### Task data
________

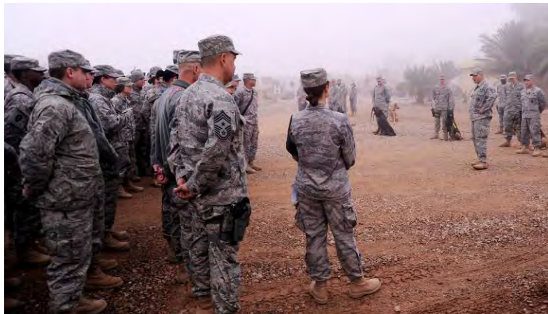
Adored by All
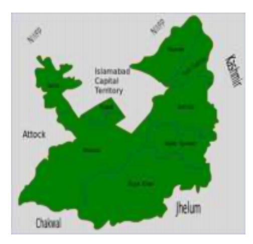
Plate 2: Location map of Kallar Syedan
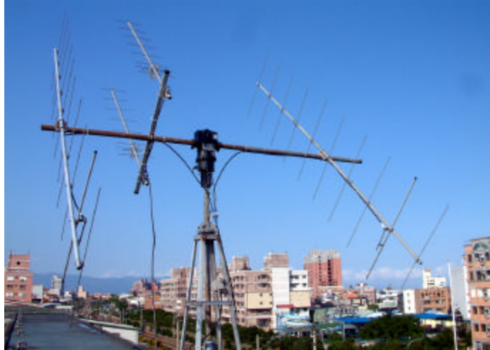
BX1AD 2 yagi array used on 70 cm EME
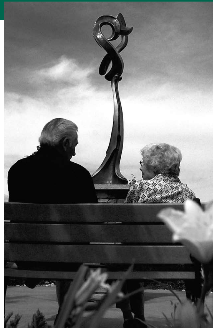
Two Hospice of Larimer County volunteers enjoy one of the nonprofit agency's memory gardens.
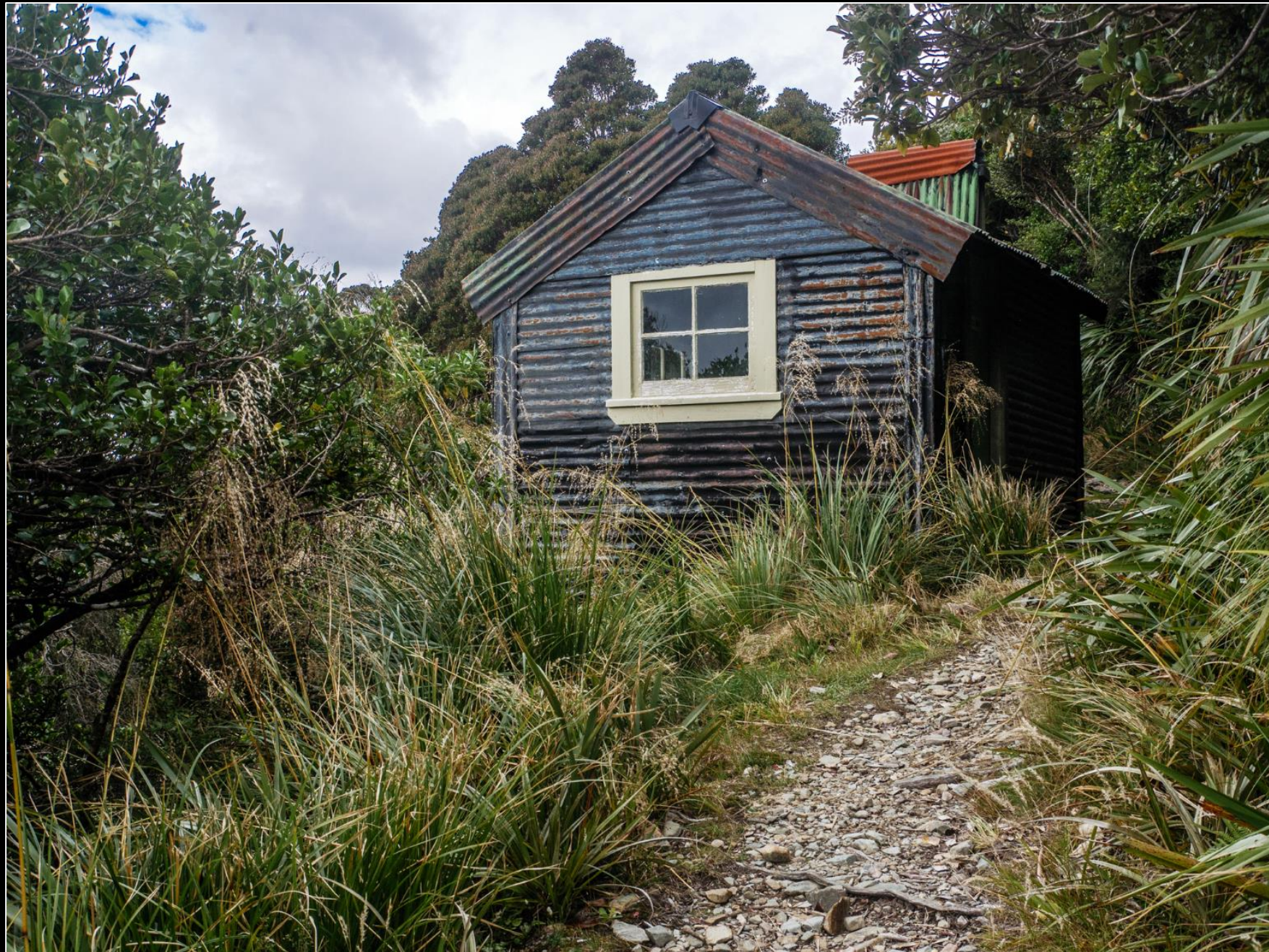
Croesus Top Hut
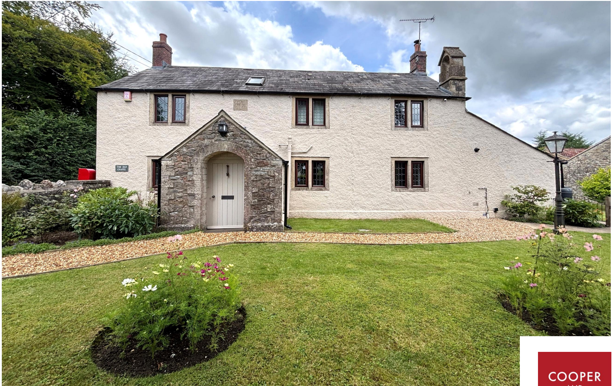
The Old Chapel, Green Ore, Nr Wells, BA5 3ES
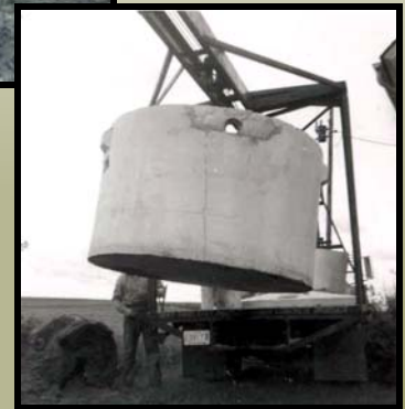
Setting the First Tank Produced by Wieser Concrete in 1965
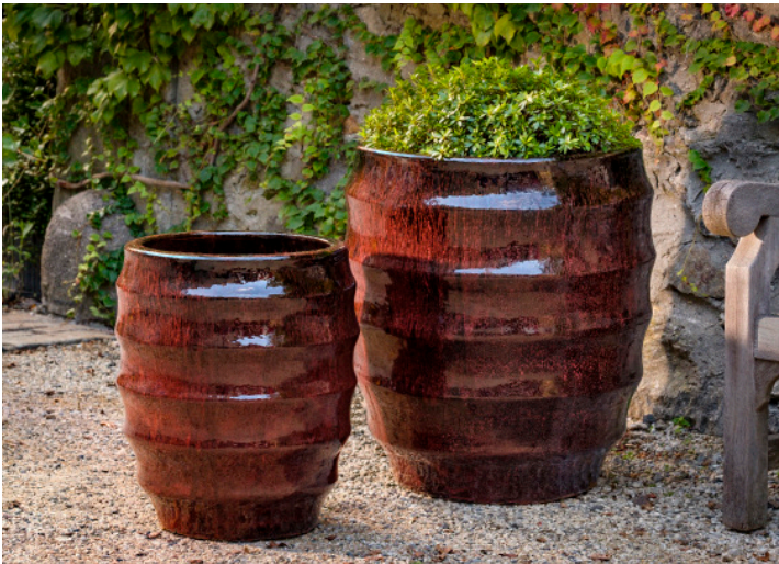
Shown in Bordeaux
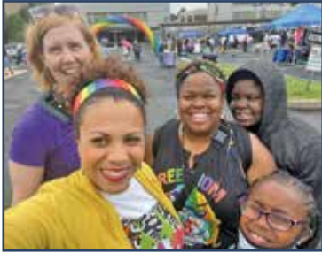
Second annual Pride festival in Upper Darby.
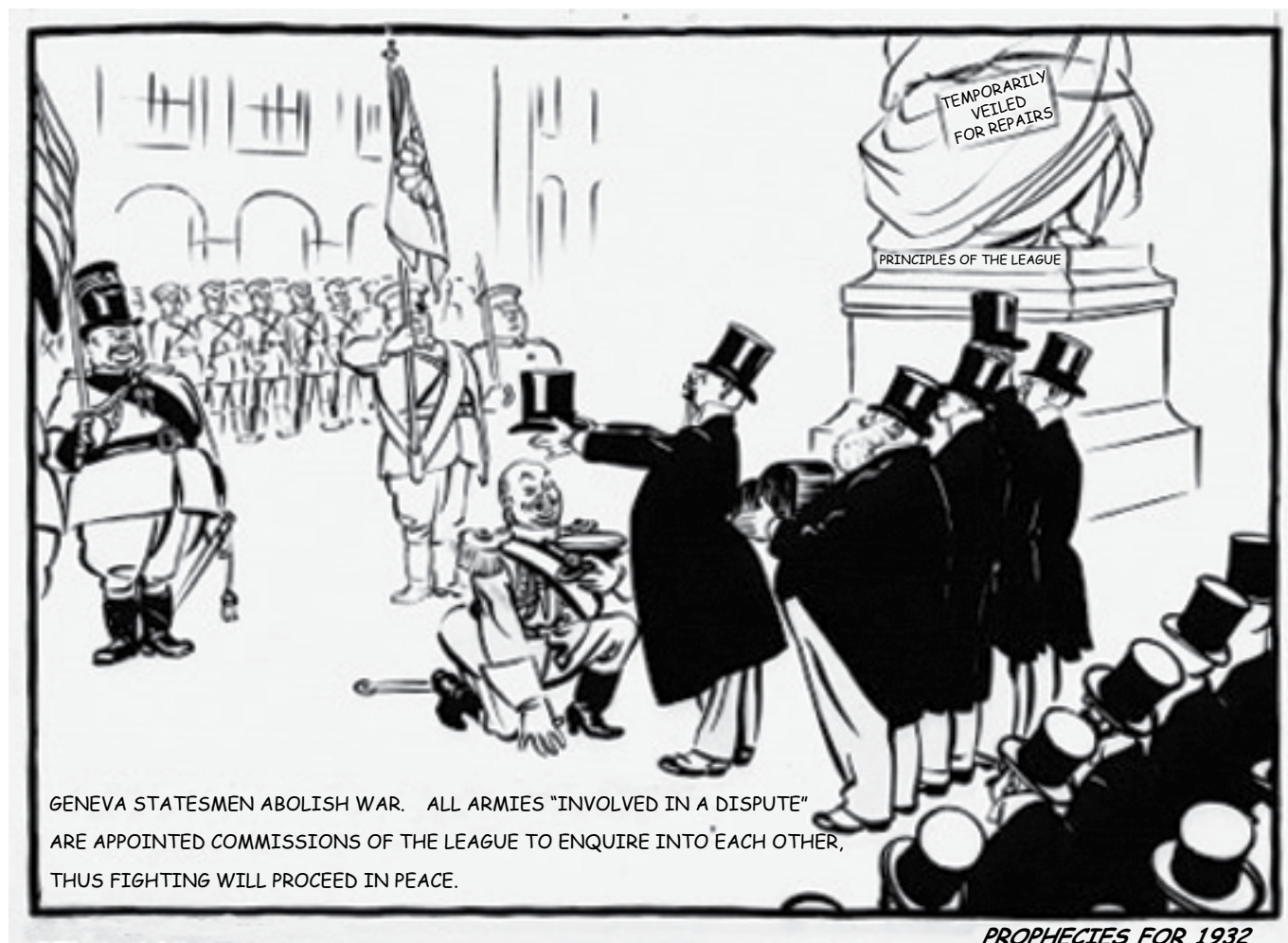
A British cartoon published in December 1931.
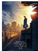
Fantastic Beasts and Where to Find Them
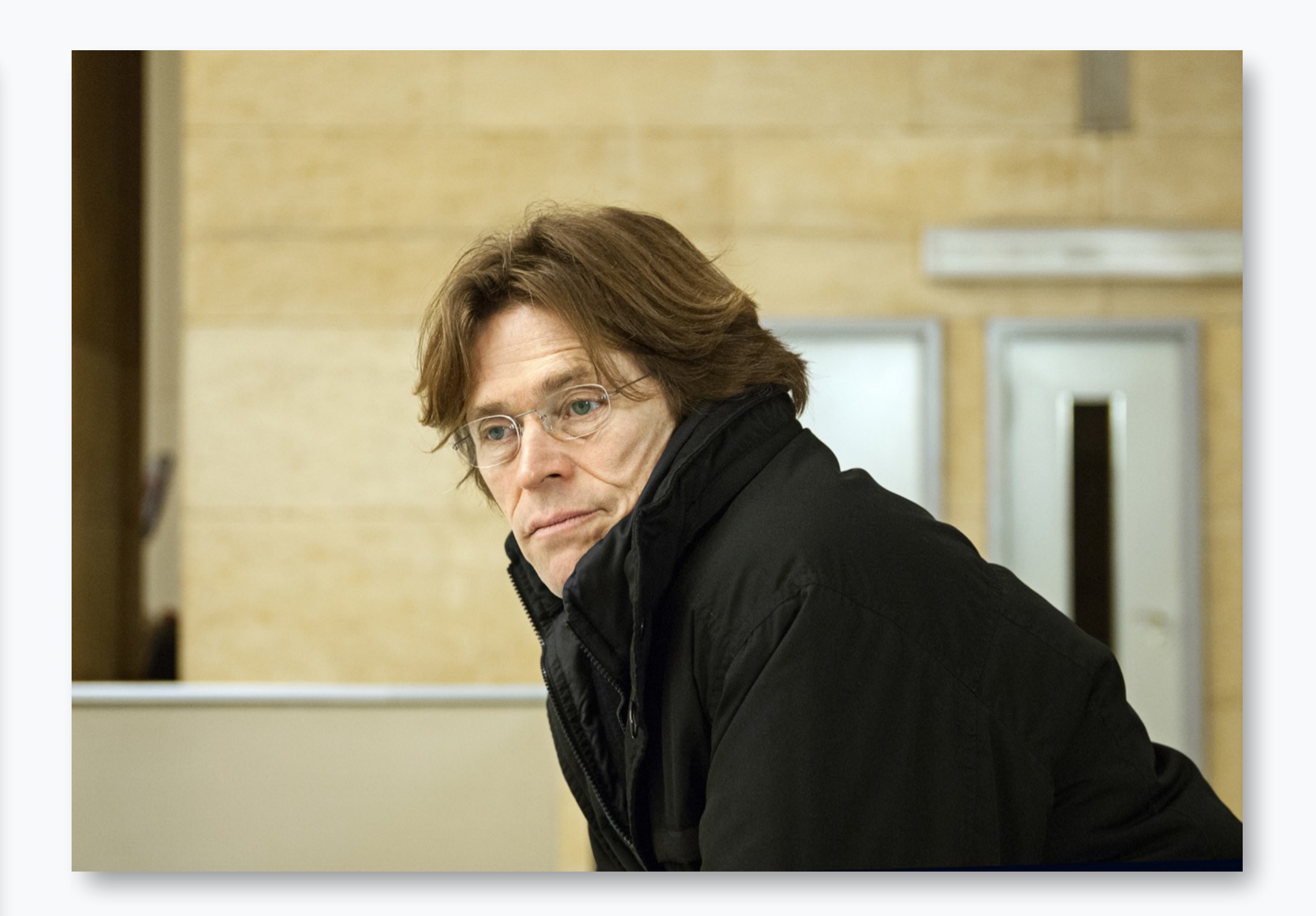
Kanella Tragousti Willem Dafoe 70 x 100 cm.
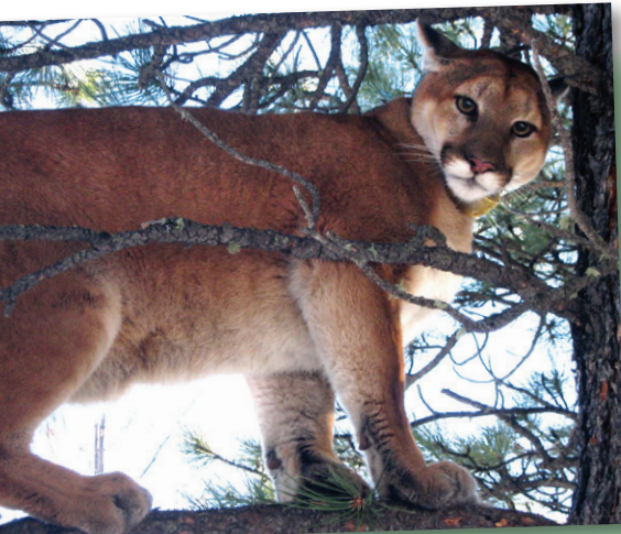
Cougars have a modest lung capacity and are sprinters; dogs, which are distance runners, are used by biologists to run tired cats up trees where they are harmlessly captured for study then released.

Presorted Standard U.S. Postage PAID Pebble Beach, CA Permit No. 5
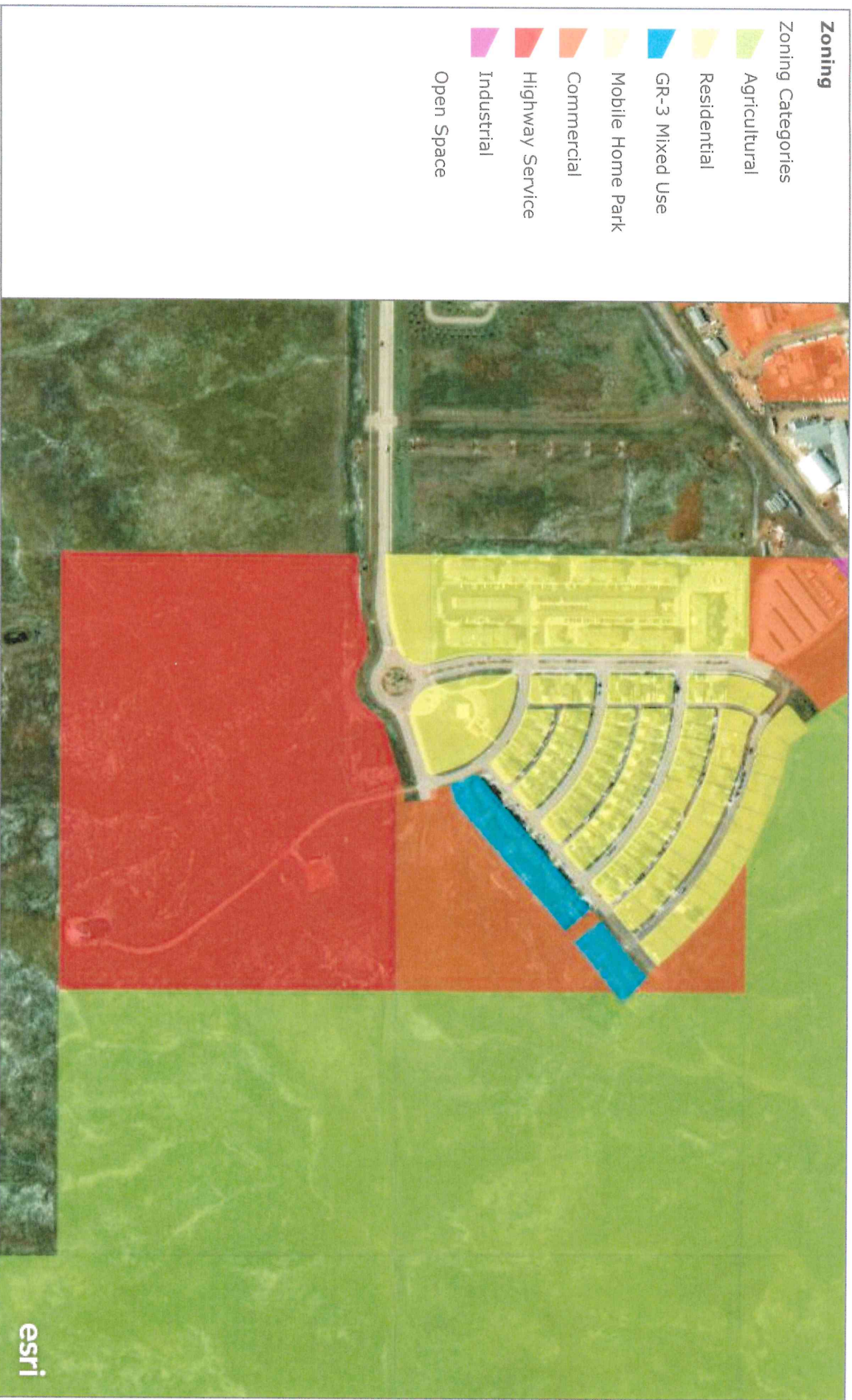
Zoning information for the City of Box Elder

________

### Problem to work on
Give back only the lines from the one that carries "Cougars have a" through the final line above, both included. Drop all pictures.

### Response to the exercise
Cougars have a modest lung capacity and are sprinters; dogs, which are distance runners, are used by biologists to run tired cats up trees where they are harmlessly captured for study then released.

Presorted Standard U.S. Postage PAID Pebble Beach, CA Permit No. 5
Zoning information for the City of Box Elder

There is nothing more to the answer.